LSI acquisition of Sand Force is good for OCZ

by on02 November 2011



Won’t change the partnership


Back in September, we wrote that Intel, Micron and a few other players were eyeing Sand Force, the company that makes the fastest SSD controllers around.

At the end LSI has picked them up, which is probably much better for the industry considering that Intel, Micron, SanDisk, Seagate or Western Digital were potentially interested.

If one of these big boys had picked up Sand Force, a possible scenario was to push out Sand Force partners and use the technology only for their own drives. LSI will let the other players have it and OCZ Technologies told us this in a brief talk we had with some of the managers.

OCZ will continue to bring drives with Sand Force controller for current and future products.  Enthusiasts can be relieved, there will see be Sand Force in many flavours and we can also add that notebooks SSD drives seem to be the next big thing. Not only do they run much faster than models with mechanical hard drives, but they have the upper hand in power efficiency and SSD’s allow designers to come up with lighter, thinner devices, i.e. ultrabooks.

This speed, of course, comes with a saucy price tag and limited capacity, but €135 for 120GB SSD that can read 525MB and write up to 500MB sounds like a decent deal. Of course, most of you will need more than that, but there are a lot of cheap external USB 3 devices that can store much more, once you get home.
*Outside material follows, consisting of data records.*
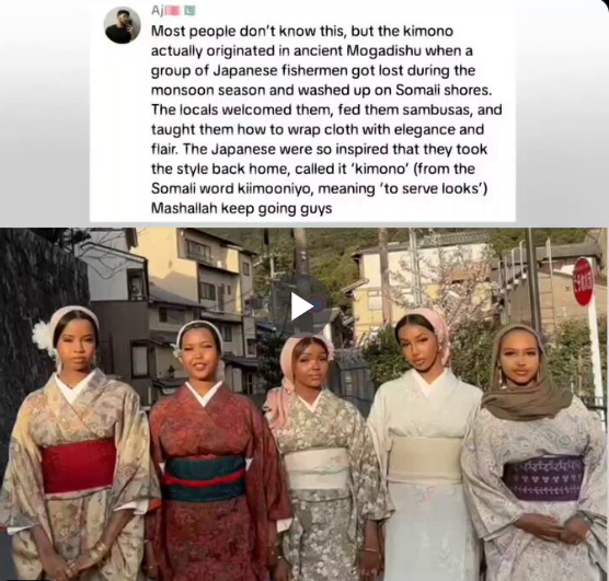 | … | 5無念Nameとしあき26/01/21(水)07:45:18No.1381639079+ほとんどの人は知らないかもしれませんが、着物は実は古代モガディシュで、モンスーンの時期に日本人漁師の一団が遭難し、ソマリアの海岸に流れ着いたことに由来しています。地元の人々は彼らを歓迎し、サンブサを食べさせ、布を優雅かつセンス良く巻く方法を教えました。日本人は非常に感銘を受け、そのスタイルを母国に持ち帰り、「着物」(ソマリ語の「kiimooniyo」から「見た目を整える」という意味)と名付けました。マシャアッラー、頑張れよみんな |
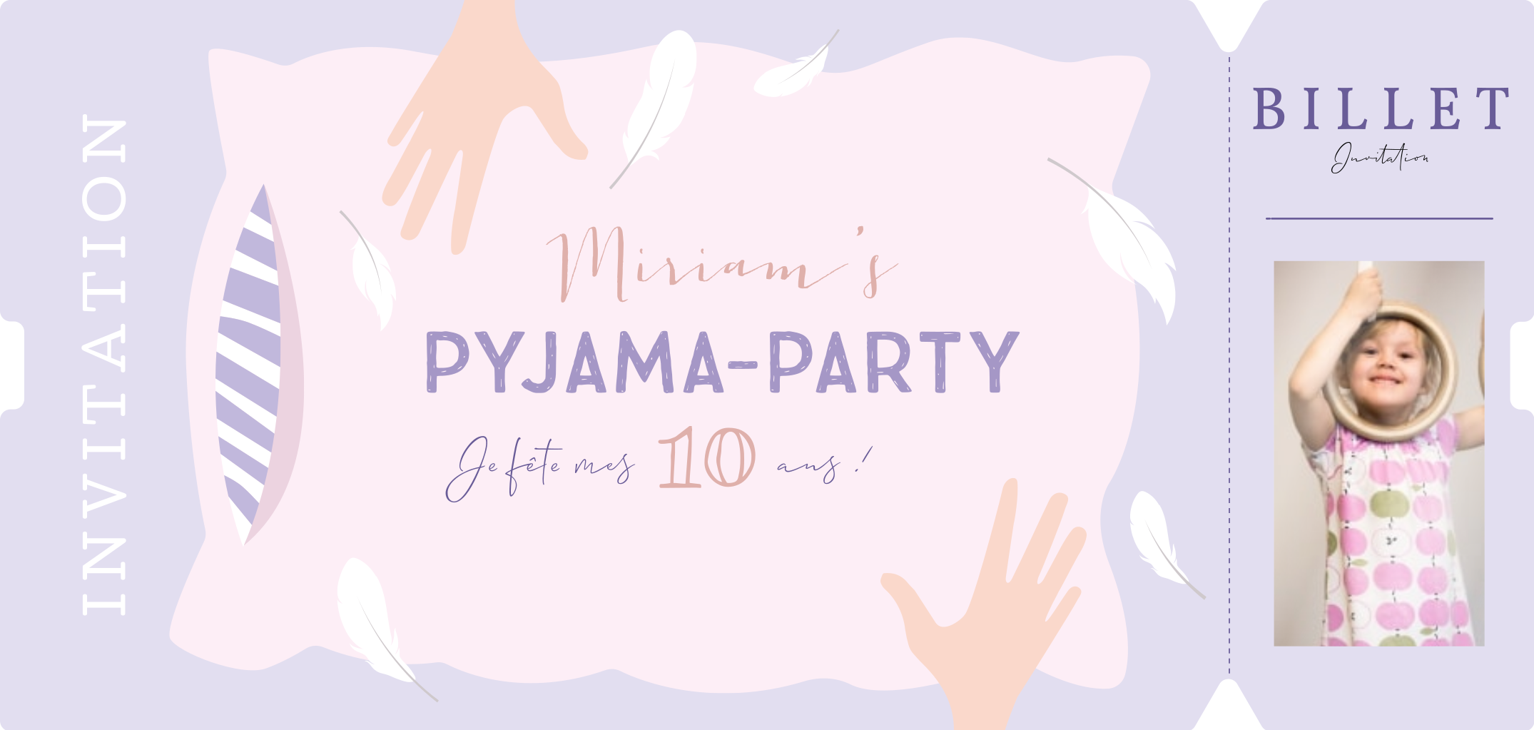 Billet pour une bataille d'oreillers lors d'une fête d'anniversaire pour enfants. Le recto de la carte d'invitation pour la soirée pyjama est coloré et ludique. Au centre de la carte se trouve une grande image d'un oreiller entouré de plumes. Au verso, se trouvent des informations importantes sur la fête. Le texte d'invitation invite chaleureusement tous les amis à la soirée pyjama et donne la date, l'heure et l'adresse de l'événement.
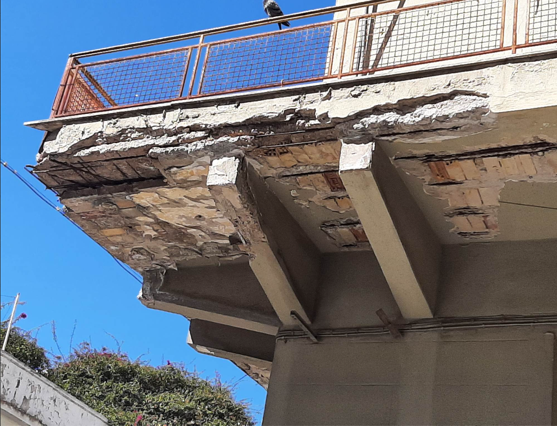 Οι πτώσεις σοβάδων και κομματιών τσιμέντου, από το κάτω μέρος του μπαλκονιού είναι συνεχείς και φυσικά ο κίνδυνος κατάρρευσης του ανά πάσα στιγμή είναι επίφοβος.
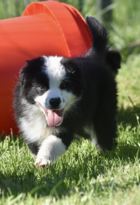 Petite puce super vive, énergique et hyper aventurière ! Aube a été la première de la fratrie à partir à la découverte de tout, elle est très à l?aise dans toute situation, rien ne l?inquiète, c?est un petit rayon de soleil. une chienne « heureuse de vivre » mais parfaitement capable de rester tranquille, c?est une chienne super bien dans ses petites pattes !
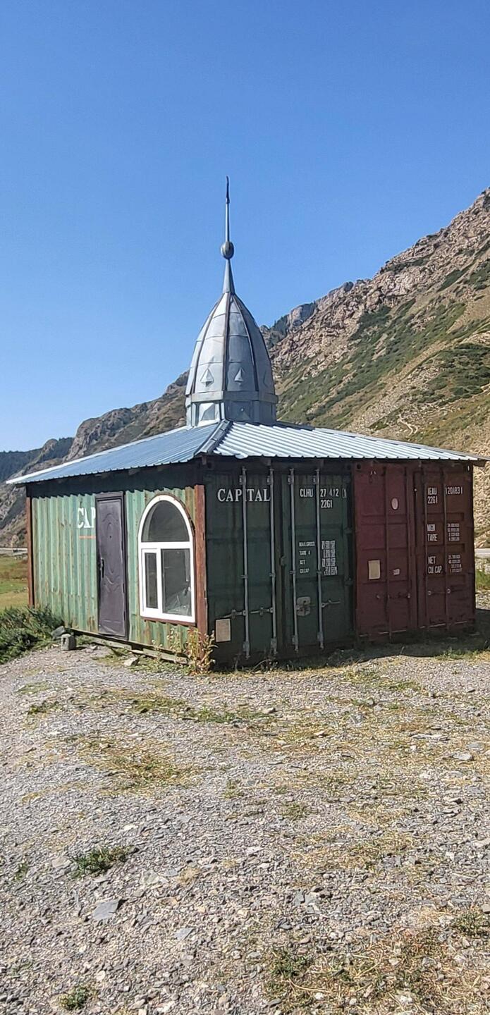 Bei einer kleinen Moschee, ganz aus Kontainern gebaut, hielten wir für eine kurze Rast an. Ein lieblicher Bach meanderte durch die satten Wiesen, weit oben auf einer kleinen Ebene weideten Kühe. Die Idylle war kaum zu übertreffen.

To put things in perspective, let’s not forget that OCZ recently acquired Indilinx for roughly 10 times less money than $370 million that LSI spent for Sand Force. LSI paid $322 million cash and another $48 million in unvested stock options and restricted shares held by SandForce employees for a total cost of roughly $370 million USD. On the other hand, OCZ paid $32 million for Indilinx in new shares.